Stick and move is the name of the game. You want to get in fast, land your punches, then get the hell out before taking any damage.

You want to leave your opponent guessing; “WTF just happened?!?”

Learn to Jump Rope in 4 Easy Steps

Jump rope is all about timing.

Focus on performing a tiny jump each time you hear the rope smack the ground.

Beginners can practice this (without getting tangled) by holding both handles in one hand and spinning the rope in a circle at their side. When you hear the rope hit the ground, either jump with both feet or hop from leg to leg.

Once you find your rhythm, here’re the four simple steps to jump rope.

  1. Starting position: Hole the handles with your wrists facing upward and the rope behind you.
  2. Rotate your forearms and wrists and flick the rope in front of you.
  3. Perform a small jump with both feet as the rope smacks the ground.
  4. Keep the rope rotating and perform one jump each time you hear the rope hit the ground.

Here’s a short video that breaks down the technique into simple movements.

7 Tips to Jump Rope Like a Boxer

Now you’ve learned the basic movements, know that it’s going to take time to skip like a pro.

To shorten the learning curve, here are our top tips for jumping rope:

1. Use the Right Length Jump Rope

Before you even attempt to jump rope, you need to make sure it’s the right length.

Test the fit by putting your foot in the middle of the rope and pulling the handles to your sternum. The handles should reach your armpits if the rope’s the right size.

Tip: If the rope is too long, you can shorten the length by tying a knot near the handles.

2. Small Bounce

Many beginners jump high to ensure they clear the rope. Wrong! You don’t need to jump high if you time your jump correctly.

Speed and efficiency are achieved by mastering the tiny bounce. At the peak of your jump, you should only be 1/4-1/2  inch off the ground. This will help you skip faster, use less energy, and will also lessen the impact on your knees.

3. Don’t Double Bounce

Beginner mistake number two is doing two jumps for every rope rotation. They do one larger bounce to jump over the rope, and another smaller bounce to keep rhythm.

Don’t make this mistake! It’s inefficient and will slow down your jump rope speed.

4. Jump On the Balls of Your Feet

Your heels should NEVER touch the ground.

Unless you’re doing some fancy, heel-toe skipping, you should be on the balls of your feet at all times.

Don’t be flat-footed and give your calves the punishment they deserve.

5. Training Surface Matters

The surface you train on can affect your performance and how the rope reacts.

Suspended wood floors are best. Not only do they offer a solid surface with good friction properties, but they are also better for your joints.

Stay off carpets as you’ll have to jump higher which will mess with your timing when you train on harder surfaces.

6. Stick to Your Rhythm

The easiest way to master jumping rope is to find your natural rhythm and stick with it.

But what does this mean exactly?

Well, we each have a pace that is comfortable for us.

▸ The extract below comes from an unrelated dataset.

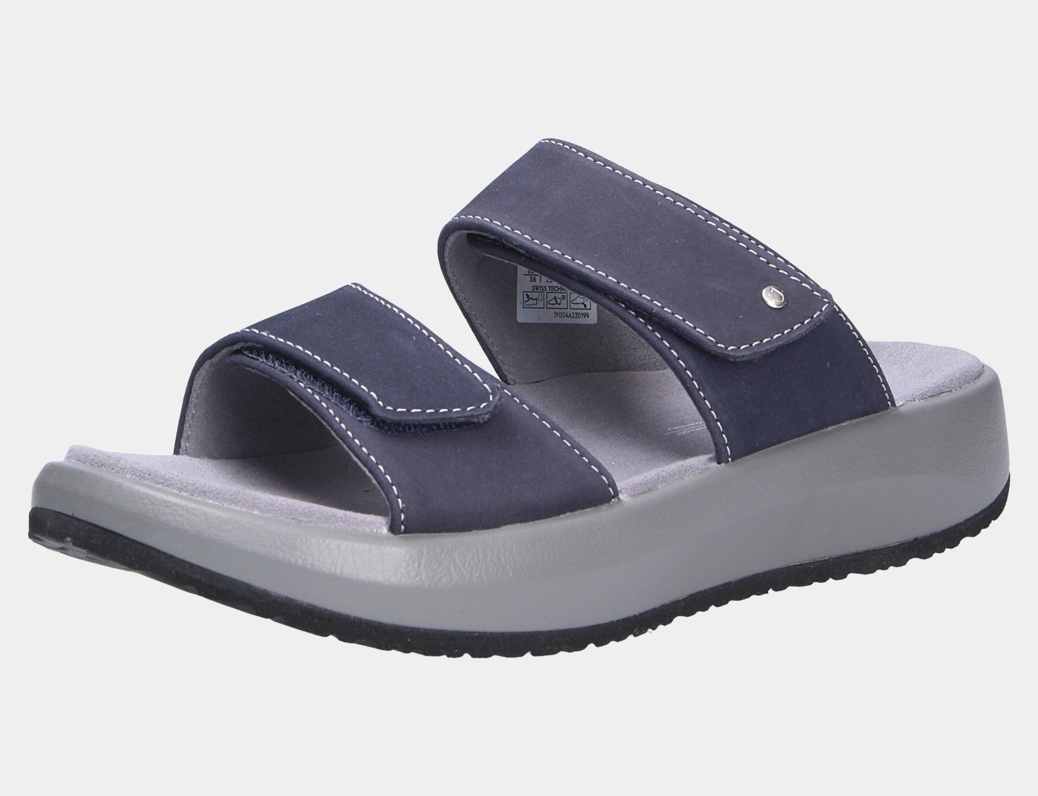 Luftig leichtes gehen mit Comfort die Pantolette VIENNA II DARK BLUE II aus dem Hause JOYA Hier wird jeder Fuß verwöhnt. Durch das hochwertige Nubukleder ist das Obermaterial wunderbar anpassungsfähig. Die angeraute Oberfläche ist besonders weich und angenehm zu tragen. Innen ist der Schuh mit einem elastischen sowie atmungsaktiven Textil augestattet. Das Fußbett ist aus Textil und nicht auswechselbar. Auf diesen Schuh freuen sich besonders etwas breitere Füße:Die Weite H bietet hier ausreichend Platz. Der Keilabsatz hat eine Höhe von cirka 1 cm ,die Sohlenkategorie emotion steht für Freude am Stehen und Gehen.Die weich-elastische Joya Sohle dämpft jeden Stoß ab und unterstützt dadurch effektiv die Entlastung von Rücken und Gelenken. Das Ergebnis: ein einzigartiger Gehkomfort. Ideal für Menschen, die sich und ihre Füße mit einem einzigartig weichen Geh-Gefühl verwöhnen wollen.Kennzeichen der emotion-Active Technologie ist die besonders breite Sohle im Fersen- und Vorfußbereich um Weichheit mit Stabilität optimal zu kombinieren. Wichtig ist diese Stabilität vor allem im Arbeits- und Outdoorbereich.Besonders geeignet für den sportiven Lifestyle und Anwendungsbereiche in Beruf und Freizeit wo die körperliche Entlastung beim Gehen und Stehen wichtig ist. Klettverschlüsse halten den Schuh sicher am Fuß und sorgen auch für die individuelle und optimale Anpassung. Die karree-förmige Schuhform hat zwei Vorteile: Sie wirkt sportlich und bietet einen angenehmen Tragecomfort für den Fuß und die Fußzehen. Die Schuhgröße fällt groß aus - bitte eine ganze Größe kleiner bestellen.

It may be faster or slower than your training buddies. It doesn’t matter. Settle into a speed that’s comfortable and you can work on getting faster in time.

7. It’s All in the Wrists

Jumping rope is all about rotating your wrists. If you’re rotating your arms and shoulders, you’re doing it wrong.

But to be able to spin the rope using only your wrists, you have to hold the rope correctly. Your arms should be bent at the elbows and your hands should be just above your waist and about a foot to the side.